Craniomaxillofac. Trauma Reconstr. 2015, 8(3), 179-189; https://doi.org/10.1055/s-0034-1393725
Submission received: 6 November 2013 / Revised: 12 February 2014 / Accepted: 12 February 2014 / Published: 24 November 2014

Abstract

:
This article aims to demonstrate an individualized approach to an elderly patient requiring scalp reconstruction, to describe the methodology in flap selection, lessons learned, and report outcomes. A retrospective review of a single surgeon’s experience of scalp reconstruction (E. D. R.) using free tissue transfer from 2005 to 2011, in patients older than 70 years, was completed. A total of eight patients met the inclusion criteria, five males and three females, with a mean age of 80.4 years (range, 73–92). Free tissue transfer achieved 100% soft tissue coverage. Six of the eight patients required cranioplasty.

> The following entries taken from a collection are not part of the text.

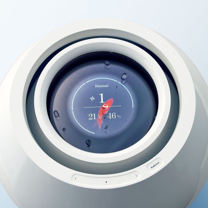 内部構造を変更し前モデルより加湿性能が向上。水を注ぐ部分は高精細ディスプレイで、水量や湿度のほか操作に応じて金魚や紅葉が現れる。「液晶に少し水滴が残るのも、本当の金魚鉢を覗いているようで癒やされる。一度に水を4ℓ入れられるので、補充の頻度もそこまで高くありません」。W34.1×D34.1×H35.2㎝ 本体約5㎏
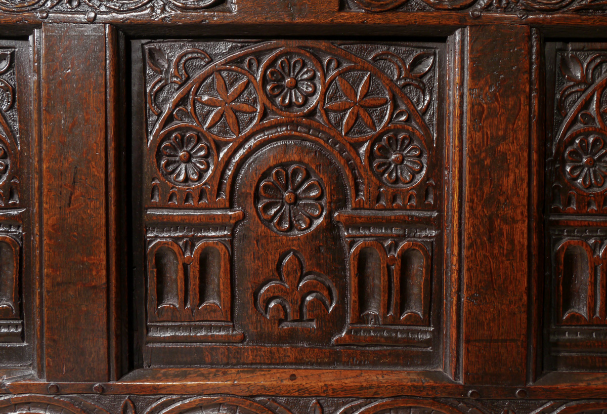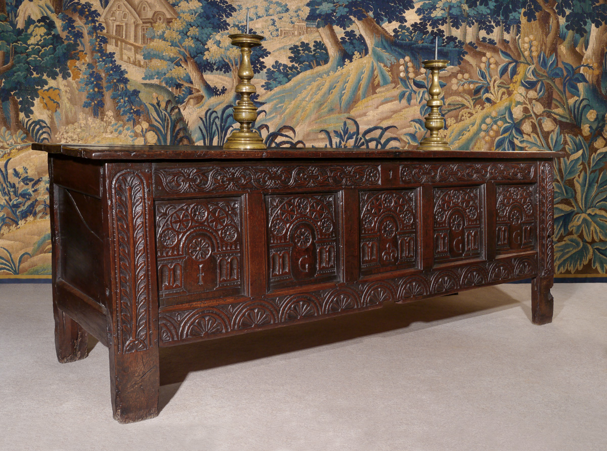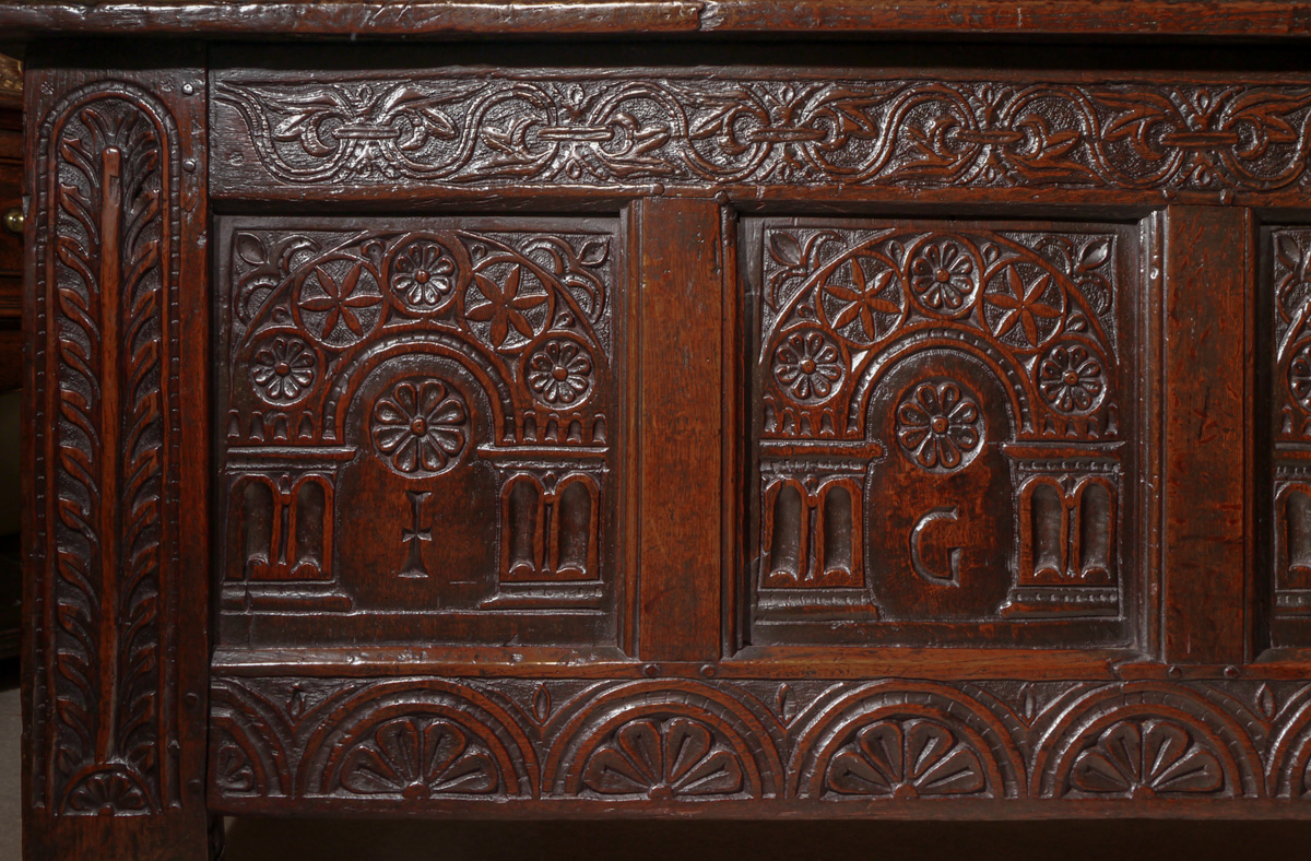 The massive three-plank lid, held on iron strap hinges, above a richly carved five panel front. The top rail, carved with S-scrolls, above semi-circular arches, supported on short nulled columns. The centre of each arch with a stylised daisy head above initials ‘I G’ (probably J G) and ‘G G’, suggesting the piece was made to commemorate a marriage. The broad stiles, carved with fleshy fern-like leaves, whilst the bottom rail has a half round motif with stylised flower-heads. The carving is very typical of Gloucestershire, circa 1630.
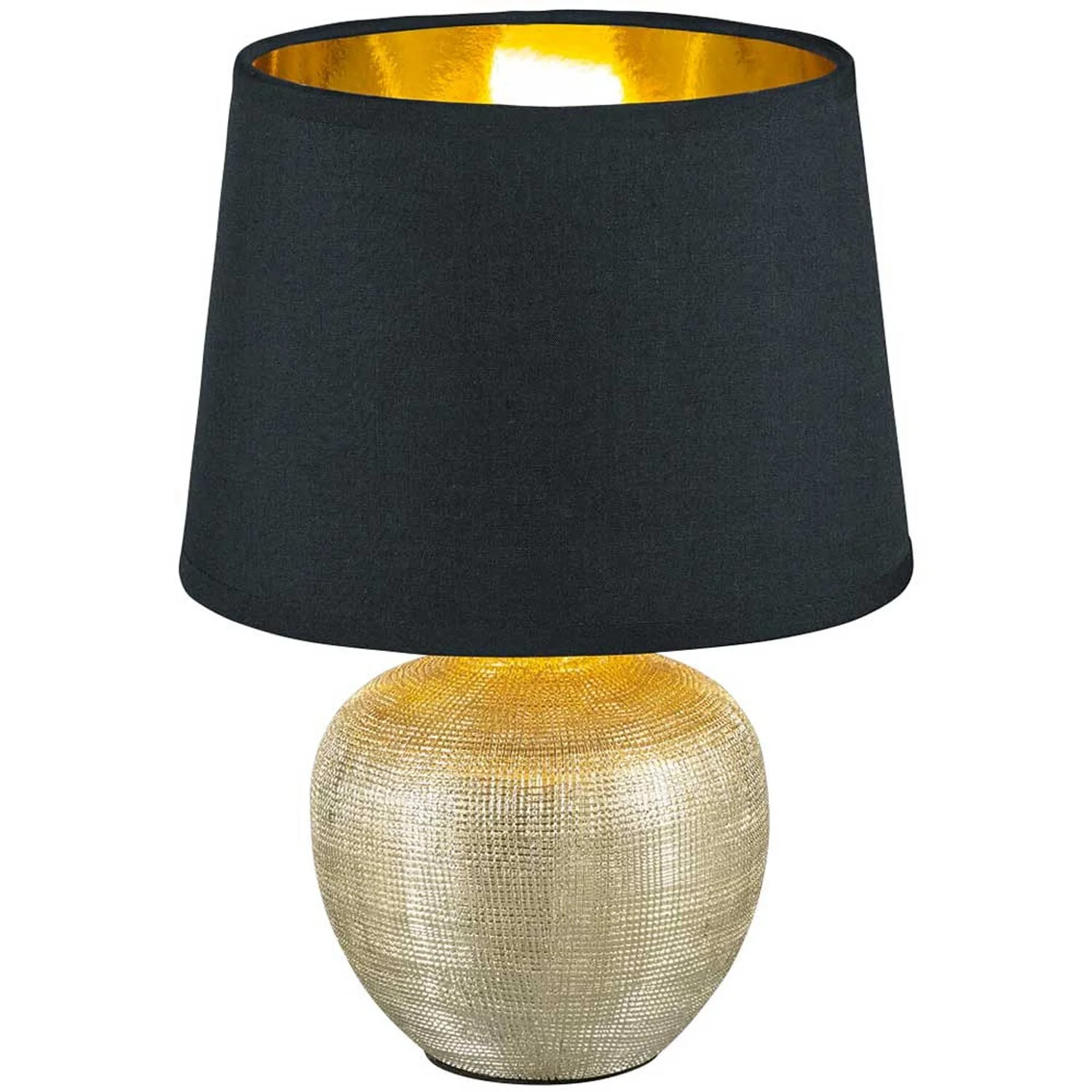 Für die elegante Tischleuchte Luxor ist schnell der richtige Platz gefunden, ob auf dem Sideboard, im Flur oder im Schlafbereich als Akzentlicht, die moderne Leuchte ist in jedem Wohnbereich ein wahrer Blickfang. Die Tischleuchte mit Schnurschalter hat einen Durchmesser von 18 cm und eine Höhe von 26 cm. Der goldfarbige Keramikfuss sorgt für ein angenehmes Ambiente und harmoniert perfekt mit dem schwarzen Stoffschirm der von innen ebenfalls goldfarbig ist. Für eine energiesparende Beleuchtung empfiehlt sich die Verwendung eines LED-Leuchtmittels. Diese sind eine optimale Alternative zu herkömmlichen Halogen-Leuchtmitteln und stehen für eine hohe Lichtqualität und eine Energieeinsparung von bis zu 80 %. Zusätzlich profitieren Sie bei LED-Leuchtmitteln von einer langen Lebensdauer, einer geringen Wärmeentwicklung und schonen gleichzeitig die Umwelt.

The mean size calvarial defect was 92 cm2 (range, 35–285 cm2). The mean flap size was 117.6 cm2 (range, 42–285 cm2). Free flaps included three ulnar, three anterolateral thigh, one latissimus dorsi, and one thoracodorsal perforator flap. The mean follow-up time was 18.4 months (range, 3–46 months). Donor site morbidity was minimal. Mortality was 0%. Immediate flap failure was 0%. Other complications occurred in six of the eight patients. Mean revisionary procedures were 1.25 procedures per patient. It was concluded that chronological age does not increase mortality or catastrophic flap complications; however, morbidity is increased in the elderly and revisionary surgery is likely.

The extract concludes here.